Wednesday, August 25, 2010

The Green Hell

If Hockenheim was a bit mad, with 250+ bikes together on the track, then the Nurbürgring was mental as anything. We rode the old track which winds its way through 21 km of Germany's Eifel mountains. There are over 300m of altitude changes. Few corners have a run off so only the crash barriers stop you from going into the trees.

Track outings function in the same way as a ski run. You purchase a ticket for the number of laps you want, after each lap you must stop and pass your ticket through the gate before you can start the next lap. I purchased 4-laps for a total of 84km.
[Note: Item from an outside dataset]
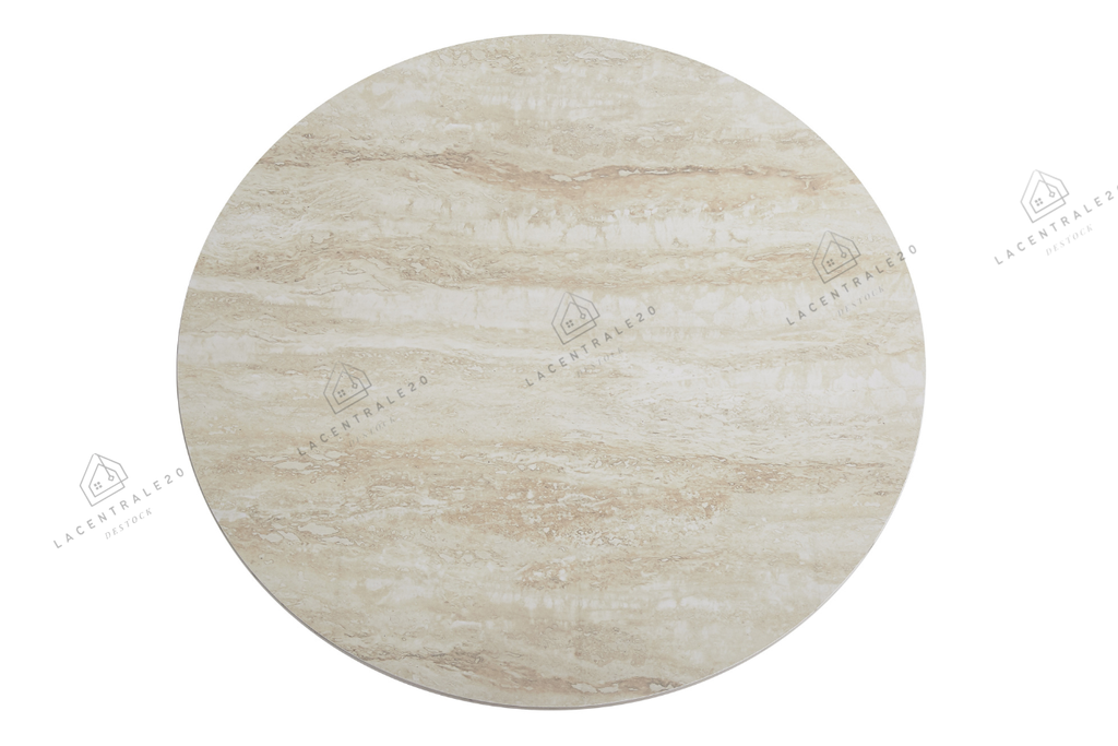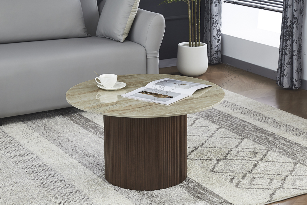 Son plateau rond en céramique effet travertin brillant illumine le salon, tandis que son pied cylindrique rainuré effet noyer apporte une touche naturelle et raffinée.
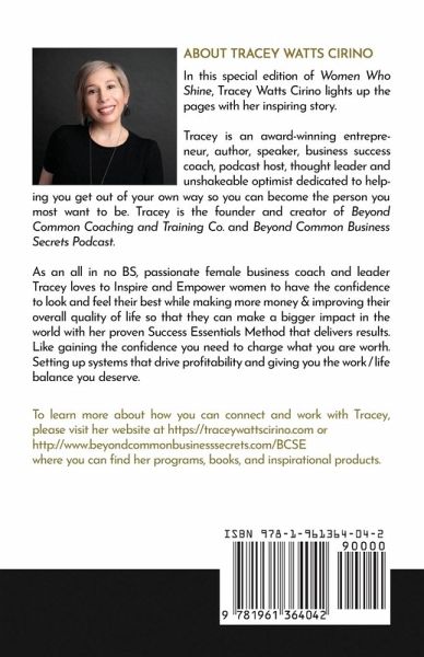 In this special edition of Women Who Shine, Tracey Watts Cirino lights up the pages with her inspiring story. Tracey is an award-winning entrepreneur, 5-Time #1 International Bestselling Author, speaker, business success coach, podcast host, thought leader, and unshakeable optimist dedicated to helping you get out of your own way so you can become the person you most want to be. Tracey is the founder and creator of Beyond Common Coaching and Training Co. and Beyond Common Business Secrets Podcast. As an all in no BS, passionate female business coach and leader Tracey loves to Inspire and Empower women to have the confidence to look and feel their best while making more money & improving their overall quality of life so that they can make a bigger impact in the world with her proven Success Essentials Method that delivers results. Like gaining the confidence you need to charge what you are worth. Setting up systems that drive profitability and give you the work/life balance you deserve. To learn more about how you can connect and work with Tracey, please visit her website at https://traceywattscirino.com or http://www.beyondcommonbusinesssecrets.com/BCSE where you can find her programs, books, and inspirational products. Empowering Transformation with Women Who Shine: Tracey Watts Cirino Edition! Embark on a transformative journey with Tracey Watts Cirino, an award-winning entrepreneur, 5-time #1 International bestselling author, and advocate for female empowerment. In this exclusive Light that Shine Bright edition of Women Who Shine, Tracey's inspiring story lights up the pages, inviting you to unlock your true potential and embrace a life of confidence, prosperity, and impact. Meet Tracey Watts Cirino: Your Guide to Unstoppable Success! Beyond being a business growth strategist and success coach, Tracey is a beacon of optimism, dedicated to helping you overcome self-doubt and become your best self. As the founder of Beyond Common Coaching and Training Co., Tracey empowers women to break free from limitations. Through her Beyond Common Business Secrets Podcast, she shares invaluable insights, guiding you to overcome obstacles and realize your dreams. Empowering Women to Thrive: The Beyond Common Way! Discover the proven Success Essentials Method, crafted by Tracey to boost your confidence, income, and overall quality of life. Imagine charging what you're worth, implementing systems that drive profitability, and achieving the work-life balance you desire. Tracey's approach isn't just about financial gain; it's about nurturing self-belief, empowering your spirit, and creating a meaningful impact. Uncover Your Potential: Where Confidence Meets Profitability! Are you ready to transform your life, increase your income, and make a lasting impression? Tracey's programs, books, and inspirational products are tailored to guide you on this empowering journey. Explore her transformative offerings at TraceyWattsCirino.com or BeyondCommonBusinessSecrets.com/BCSE

A track day at Nurbürgring is a kind of battleground, with super quick Porsches mixing it together with hot fours, track cars, superbikes, VUNs, and everything in-between. We were happy to have Oliver take us out in his V8 Dodge truck to learn the track before donning armor and joining the battle.

The pace we chose was somewhere between a fast sports ride on a mountain road and the pace you might do on a track day at a more sane track like Hockenheim. Once again Oliver, who has a lot of experience at the Nurbürgring (both good and bad), led us round and set the pace, going a little faster each lap. This felt comfortable and relatively safe, except for those moments when a Porsche Carrera vs Mercedes SLK struggle comes at you from behind. The wise (and polite) thing to do is to move over, but this also requires you to drop concentration for a moment so you need to be careful.

Oliver Thiel

Yours truly

 Franco Cavina

There were several car wrecks throughout the day where drivers had dropped their concentration, or exceeded their skill, but I did not see any bikes go down, which is a good thing.

Watching a Porsche Carrera in capable hands passing you and going hard down a dip and through the S-bend is amazing. Those things change direction damn fast and are glued to the track!

Nurbürgring was a blast! Many thanks to Oliver Thiel, of Thiel Motorsport, for organizing the day and for having the patience to show us the ropes.